BJP district chief Dhruba Saha, the party’s MLA from Birbhum’s Dubrajpur Anup Saha and other party workers accompanied Sarkar everywhere, including the varsity lecture. The presence of BJP leaders in Visva-Bharati’s official event prompted Trinamul to question Chakrabarty’s alleged attempts to saffronise the central varsity with the Prime Minister as chancellor.

BJP district chief Saha was on the dais of the lecture by Sarkar with VC Chakrabarty.

“A minister may come, but why was the BJP district president in the programme? The VC is actively working to promote the BJP and has turned it (the varsity) into a camp of that party. Now, Trinamul will also organise a political programme inside the varsity,” said Trinamul’s Birbhum unit chief Anubrata Mondal. “The VC has no right to invite political leaders to a varsity programme.”

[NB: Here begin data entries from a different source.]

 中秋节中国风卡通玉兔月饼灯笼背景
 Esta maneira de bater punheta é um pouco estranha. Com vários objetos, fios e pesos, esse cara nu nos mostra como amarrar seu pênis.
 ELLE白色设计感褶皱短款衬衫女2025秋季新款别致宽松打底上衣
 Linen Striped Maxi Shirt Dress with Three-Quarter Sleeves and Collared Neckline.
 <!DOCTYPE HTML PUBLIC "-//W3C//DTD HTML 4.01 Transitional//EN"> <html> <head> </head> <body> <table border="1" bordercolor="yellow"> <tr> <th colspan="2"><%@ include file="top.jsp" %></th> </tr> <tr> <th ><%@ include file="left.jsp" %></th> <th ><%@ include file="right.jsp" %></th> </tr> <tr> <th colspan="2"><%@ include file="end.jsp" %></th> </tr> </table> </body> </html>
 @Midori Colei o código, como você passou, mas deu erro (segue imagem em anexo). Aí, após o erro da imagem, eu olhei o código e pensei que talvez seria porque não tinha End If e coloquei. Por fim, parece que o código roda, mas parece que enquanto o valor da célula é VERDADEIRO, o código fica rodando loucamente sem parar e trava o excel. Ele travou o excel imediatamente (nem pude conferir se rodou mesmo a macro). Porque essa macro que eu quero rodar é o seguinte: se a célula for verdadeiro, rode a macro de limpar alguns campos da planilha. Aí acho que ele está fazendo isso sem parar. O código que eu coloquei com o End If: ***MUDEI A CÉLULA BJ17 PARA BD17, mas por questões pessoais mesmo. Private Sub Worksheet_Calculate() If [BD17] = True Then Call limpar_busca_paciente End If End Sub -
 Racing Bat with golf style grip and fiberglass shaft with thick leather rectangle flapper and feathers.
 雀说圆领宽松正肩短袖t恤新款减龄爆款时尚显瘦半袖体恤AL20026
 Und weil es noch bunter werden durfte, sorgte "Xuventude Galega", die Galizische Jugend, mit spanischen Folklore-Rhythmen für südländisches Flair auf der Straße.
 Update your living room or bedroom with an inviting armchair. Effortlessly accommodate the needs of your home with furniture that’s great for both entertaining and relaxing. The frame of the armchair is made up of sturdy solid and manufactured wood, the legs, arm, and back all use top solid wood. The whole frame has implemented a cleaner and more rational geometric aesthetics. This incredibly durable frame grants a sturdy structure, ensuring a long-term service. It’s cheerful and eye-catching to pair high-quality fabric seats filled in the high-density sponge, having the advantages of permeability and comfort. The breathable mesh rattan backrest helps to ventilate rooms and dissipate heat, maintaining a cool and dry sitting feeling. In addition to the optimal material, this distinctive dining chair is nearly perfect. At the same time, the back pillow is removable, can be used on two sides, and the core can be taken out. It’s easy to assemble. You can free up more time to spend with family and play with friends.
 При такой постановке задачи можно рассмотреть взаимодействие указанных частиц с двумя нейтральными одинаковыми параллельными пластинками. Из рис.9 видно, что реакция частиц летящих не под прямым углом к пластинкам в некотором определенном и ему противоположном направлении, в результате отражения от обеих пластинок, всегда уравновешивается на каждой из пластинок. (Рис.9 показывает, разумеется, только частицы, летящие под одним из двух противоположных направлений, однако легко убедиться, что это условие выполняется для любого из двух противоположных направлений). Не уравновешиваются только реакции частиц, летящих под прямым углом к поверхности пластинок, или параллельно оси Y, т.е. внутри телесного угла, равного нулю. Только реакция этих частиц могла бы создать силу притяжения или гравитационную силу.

Many varsity insiders said this was not a first at the varsity and the trend began in Chakrabarty’s time. In 2019, the alleged promotion of saffronisation began by allowing the Rashtriya Kala Manch, an RSS-backed outfit, to hold a workshop in the varsity’s journalism department.

In August 2019, ABVP national-secretary Sunil Ambekar and then state tourism minister Gautam Deb of Trinamul, became the first political leaders to be invited to Halakarshana (ploughing ceremony), started by Tagore in 1929, on Sriniketan campus.

In January 2020, Visva-Bharati organised a lecture to support the contentious Citizenship (Amendment) Act of the Modi government by Rajya Sabha member Swapan Dasgupta, despite student protests.

“Since Chakrabarty came here as the VC, he has been proactively trying to promote the saffron agenda... a desperate bid to ruin the inclusive, secular, cosmopolitan, global culture of Visva-Bharati, built painstakingly by Tagore,” said a senior varsity professor.

Asked about the presence of BJP leaders in the varsity’s event, Sarkar said: “They are human beings too.”

“They came to Visva-Bharati as human beings. Those who came here are educated and did not come here to do politics,” he added.

BJP district chief Saha said he was a “lover of Tagore”, which is why he was there.

The controversy over the presence of BJP leaders in educational institutions continued in Durgapur, where Sarkar went to inaugurate a digital classroom and a library of the National Institute of Technology (NIT) in the afternoon.

Sources said a BJP leaders were there to welcome him, which was unprecedented for the national institution. Sarkar claimed all those who came to the NIT were involved in education and had no connection with politics.